The terminal will print something similar to the following:

shell
```
$ kubectl logs -n ambassador edge-stack-85c4cf67b-4pfj2
2018-10-10 12:26:50 kubewatch 0.40.0 INFO: generating config with gencount 1 (0 changes)
/usr/lib/python3.6/site-packages/pkg_resources/__init__.py:1235: UserWarning: /ambassador is writable by group/others and vulnerable to attack when used with get_resource_filename. Consider a more secure location (set with .set_extraction_path or the PYTHON_EGG_CACHE environment variable).
warnings.warn(msg, UserWarning)
2018-10-10 12:26:51 kubewatch 0.40.0 INFO: Scout reports {"latest_version": "0.40.0", "application": "ambassador", "notices": [], "cached": false, "timestamp": 1539606411.061929}
2018-10-10 12:26:54 diagd 0.40.0 [P15TMainThread] INFO: thread count 3, listening on 0.0.0.0:8877
[2018-10-10 12:26:54 +0000] [15] [INFO] Starting gunicorn 19.8.1
[2018-10-10 12:26:54 +0000] [15] [INFO] Listening at: http://0.0.0.0:8877 (15)
[2018-10-10 12:26:54 +0000] [15] [INFO] Using worker: threads
[2018-10-10 12:26:54 +0000] [42] [INFO] Booting worker with pid: 42
2018-10-10 12:26:54 diagd 0.40.0 [P42TMainThread] INFO: Starting periodic updates
[2018-10-10 12:27:01.977][21][info][main] source/server/drain_manager_impl.cc:63] shutting down parent after drain
```

Note that many deployments will have multiple logs, and the logs are independent for each Pod.

Examine Pod and container contents

You can examine the contents of the Ambassador Edge Stack Pod for issues, such as if volume mounts are correct and TLS certificates are present in the required directory, to determine if the Pod has the latest Ambassador Edge Stack configuration, or if the generated Envoy configuration is correct or as expected.
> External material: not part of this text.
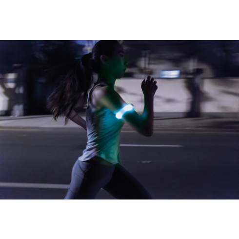 Светящаяся повязка на руку со встроенными светодиодами для бега, благодаря которой вас будет легче заметить в темное время суток.
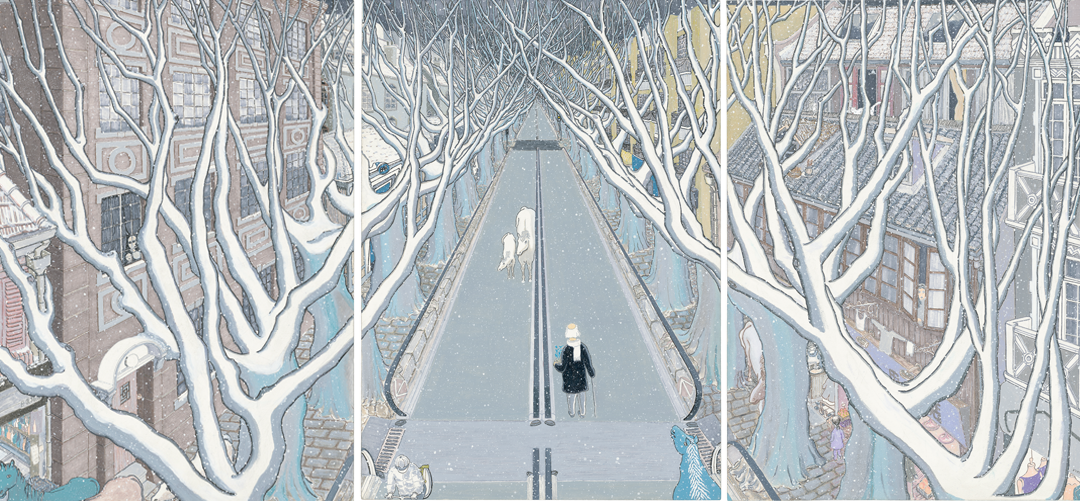 金宇澄的绘画创作始于2012年长篇小说《繁花》的插画,之后他再也没有停下画笔。他在自述中说,“写完《繁花》后发现还可以画画,有时候画到半夜三点。画一幅画非常愉悦人。”而他画中的内容,是上海熟悉的楼宇街道,充满着天马行空的想象力。

In these instructions, we will look for problems related to the Envoy configuration.

  1. To look into an Ambassador Edge Stack Pod, get a shell on the Pod using kubectl exec. For example,

    shell
    kubectl exec -it -n ambassador <edge-stack-pod-name> -- bash
  2. Determine the latest configuration. If you haven't overridden the configuration directory, the latest configuration will be in /ambassador/snapshots. If you have overridden it, Ambassador Edge Stack saves configurations in $AMBASSADOR_CONFIG_BASE_DIR/snapshots.

    In the snapshots directory:

    • snapshot.yaml contains the full input configuration that Ambassador Edge Stack has found;
    • aconf.json contains the Ambassador Edge Stack configuration extracted from the snapshot;
    • ir.json contains the IR constructed from the Ambassador Edge Stack configuration; and
    • econf.json contains the Envoy configuration generated from the IR.

    In the snapshots directory, the current configuration will be stored in files with no digit suffix, and older configurations have increasing numbers. For example, ir.json is current, ir-1.json is the next oldest, then ir-2.json, etc.

  3. If something is wrong with snapshot or aconf, there is an issue with your configuration. If something is wrong with ir or econf, you should open an issue on Github.

  4. The actual input provided to Envoy is split into $AMBASSADOR_CONFIG_BASE_DIR/bootstrap-ads.json and $AMBASSADOR_CONFIG_BASE_DIR/envoy/envoy.json.

    • The bootstrap-ads.json file contains details about Envoy statistics, logging, authentication, etc.
    • The envoy.json file contains information about request routing.
    • You may generally find it simplest to just look at the econf.json files in the snapshot directory, which includes both kinds of configuration.